Культура
КАК ЛЕНИНГРАД НЕ СТАЛ "БЕЛЫМ ГОРОДОМ"
28 января
История, которую я хочу вам рассказать, имеет прямое отношение к теме блокады. И случилась она тогда, когда вся страна готовилась отметить сорокалетие Победы в Великой Отечественной войне. Стоял апрель 1985 года. Михаил Горбачев еще не успел произнести свои знаменитые слова "перестройка" и "гласность". Зато, как водится в советской стране, все учреждения культуры и искусства готовились отрапортовать к юбилейной дате новыми творческими работами. Например, в театральном обиходе подобные спектакли называли "датскими". Автор этих строк мог прекрасно видеть, как старался каждый коллектив отметиться соответствующим произведением. Все это происходило на моих глазах, потому что довелось мне в те годы служить в Главном управлении культуры исполкома Ленсовета в качестве старшего инспектора отдела драматических театров.

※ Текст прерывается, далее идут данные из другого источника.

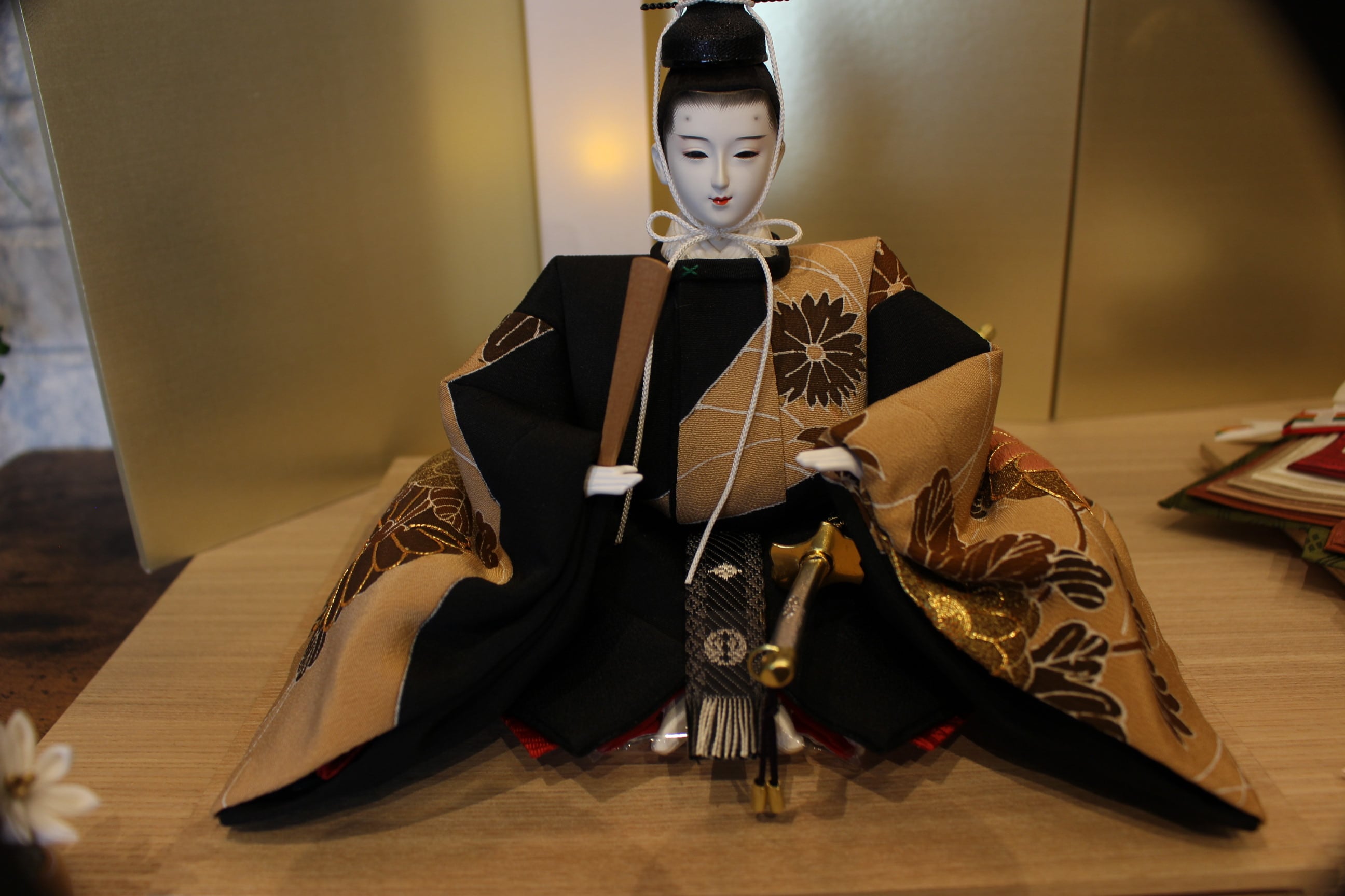 この限定一点物の親王は、圧倒的な品質と品格を持ち合わせており、特にそのお顔立ちは整った美しさを誇ります。細やかな顔の表情には、お化粧が施され、見る者の心をつかんで離しません。お雛さまの衣装には、人気のある吉祥柄が施されており、殿姫.菊に金駒で飾られています。健康と繁栄を祈願する意味を持っています。

Не были исключением и театры Ленинграда. Каждый из художественных руководителей и главных режиссеров пытался найти компромисс между художественным качеством и идеологическим значением готовившихся постановок. В Академическом театре имени Ленсовета Игорь Владимиров задолго до юбилея решил ставить на сцене "Блокадную книгу" Алеся Адамовича и Даниила Гранина. В главке, зная непредсказуемый характер Игоря Петровича и его невероятные сценические решения, были от этой идеи не в восторге. Все поняли, что документальное повествование о тяготах и страданиях ленинградцев во время блокады вряд ли позволит создать пафосное, жизнеутверждающее творение.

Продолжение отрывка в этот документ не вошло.